Оратор сел. Он обиженно и задумчиво посматривал в окно. Потом вынул портсигар со шнурком для зажигания, достал папироску, закурил.
Я говорю ему тихо:
— Товарищ ответственный, — тихо сказал я ему. — Дайте вы ей маленький кусочек сала… Она верит, что поможет сыну.
— Никак нельзя, — также тихо ответил он. — Верит, не верит, а я тоже должен в ответе быть… Не один я тут вагонный, ответственный, еще есть… Узнают, чего будет… Эдакая несознательность в ей.
Как страшен человек, подумал я, глядя на его большеротое, серое лицо.
— Товарищ, — повторил я. — Когда вам нельзя, вы мне дайте тихонько кусочек сала. Я скажу, что оно мое, и дам ей. А вам за это подарок о встрече с вами…
Я дал ему пачку папирос. Он взял, спрятал молча и быстро в карман, так же быстро снял корзину с полки и ушел на площадку вагона.
Возвратясь, он тихонько протянул мне внизу под скамью руку, и я взял там от него кусок сала, и он тихо сказал:
— Жалко старуху, да черед держать должно — вот.
Темнело. Бежали за окном оголенные, лиловые леса. Светила за полями унылая осенняя заря.
Я встал и, проходя мимо лежащих на полу мужиков, солдат и баб, подошел к той бедной женщине. Она сидела, пригнувши голову до самых колен. Я ее тронул за плечо. Она молчала.
— Тетенька, — позвал я.
Она молчала.
Я нагнулся, взял ее голову, приподнял и близко посмотрел ей в лицо. В ее скорбных глазах был испуг и какая-то детская кротость.
— Тетенька, вот тебе кусочек сала.
Она посмотрела прямо на меня светло и скорбно, и опять тяжело упала ее голова на колени.
— Тетенька, что с тобой? — воскликнул я.
Пассажиры услышали. Кое-кто подошел. Толпой окружили меня и сидящую. Я держу ее за плечи, она клонится долу.
— Дайте воды, — сказал я.
— А иде ее взять, воду?
— Вот, есть, что ли, вода, — протянул кто-то жестяной чайник.
— Чего вода, она помирает, — сказал кто-то.
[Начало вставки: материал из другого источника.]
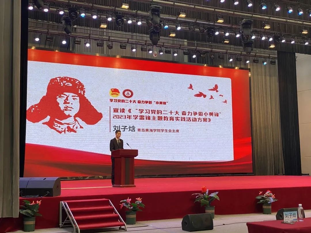 “向雷锋同志学习”,今年作为毛主席为雷锋题词的第六十周年,进行雷锋精神主题教育活动意义非凡。活动中,志愿者协会的学生代表李鑫带领全场学生发出振聋发聩的践行雷锋精神的铮铮誓言。在此之后,青岛黄海学院校长助理刘纪新发表演讲,号召广大青年学生,践行雷锋精神,积极参与“小黄蜂”志愿活动。

— Клади ее, — сказал мне старик-крестьянин.
Мы кладем ее на скамью. Старик держит ее под мышки, а я за ноги. Ноги, как деревяшки, какие-то худые кости, омотанные внизу тряпками, обутые в большие мужицкие рваные сапоги…
Вдруг послышался скрипучий и тупой голос оратора:
— Товарищи вагонные, который, ежели должон, ма…
— Постой, — крикнул старик-крестьянин. — Туто женщина помирает. А ты «должон, должон», заладил одно, черт полосатый!
Оратор посмотрел в нашу сторону, взял свою корзинку и пошел на другую сторону вагона, на площадку.
Поезд подошел к станции. Остановился, с лязгом и громом.
— Я сейчас, может, где вода, — сказал кто-то.
Тут в вагон вошел мой оратор, а за ним двое солдат с винтовками и еще какой-то хмурый молодой парень.
Хмурый подошел к старику-крестьянину и сказал:
— Выходи.
— Пошто? — удивился старик.
— Узнаешь там, пошто. Выходи.
Старого крестьянина увели.
— Померла, что ли? — спросил меня оратор.
— Нет ли доктора, товарищ, — в вагоне или…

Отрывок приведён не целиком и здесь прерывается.